American classical composer

Francis Judd Cooke (December 28, 1910 – May 18, 1995) was an American composer, organist, cellist, pianist, conductor, choir director, and professor.

==Life==
Cooke was born December 28, 1910, in Honolulu, Hawaii, to a family of New England missionaries turned cattle ranchers. He was the great grandson of Gerrit P. Judd, the first doctor to reside in Hawaii, and grandson of Albert Francis Judd, Chief Justice of the Supreme Court of Hawaii. His mother was Sophie Boyd Judd, and father was George Paul Cooke, grandson of Amos Starr Cooke and Juliette Montague Cooke, founders of the Royal School of Hawaii.

Cooke began composing at an early age and his first serious pieces date from age 14. He received a B.A. in music from Yale University in 1933, where he was a member of Skull and Bones. He then studied for two years with Charles Martin Loeffler in Medfield, Massachusetts. In 1935 he went to Scotland to study with Donald Francis Tovey at the University of Edinburgh, receiving a Mus. Bac. (Bachelor of Music) degree with First Class Honours in 1938. While studying in Scotland he met and married violist May Ludwig. They settled in Lexington, Massachusetts, where they raised six children.
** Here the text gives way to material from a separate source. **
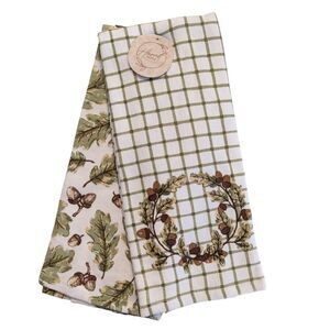 Autumn Oak Green Leaves and Acorns Wreath Kitchen Towels Set of 2 15 x 25-inch

In 1939 Cooke began teaching at the New England Conservatory of Music, at the request of the Conservatory's then-director, Quincy Porter. His notable students there included John Bavicchi, Sarah Caldwell, Héctor Campos-Parsi, Stephen Casale, Robert Ceely, Robert Cogan, Lyle Davidson, Halim El-Dabh, David Epstein, Ercolino Ferretti, William Hibbard, Billy Jim Layton, Ruth Lomon, Kenneth Peacock, Lila Pradell, Richard Ronsheim, Ernie Stires, Albert Tepper, Ivana Marburger Themmen, and Luise Vosgerchian. He retired in 1970.

He also taught at Yale University in 1959–1960 and at Wellesley College from 1973 to 1979.

A prolific composer, Cooke wrote a great number of choral and orchestral works, as well as chamber works. One CD of his music, entitled The Warsaw Recordings (which he did not live to hear), performed by the Warsaw Philharmonic under Jerzy Swoboda, has been released.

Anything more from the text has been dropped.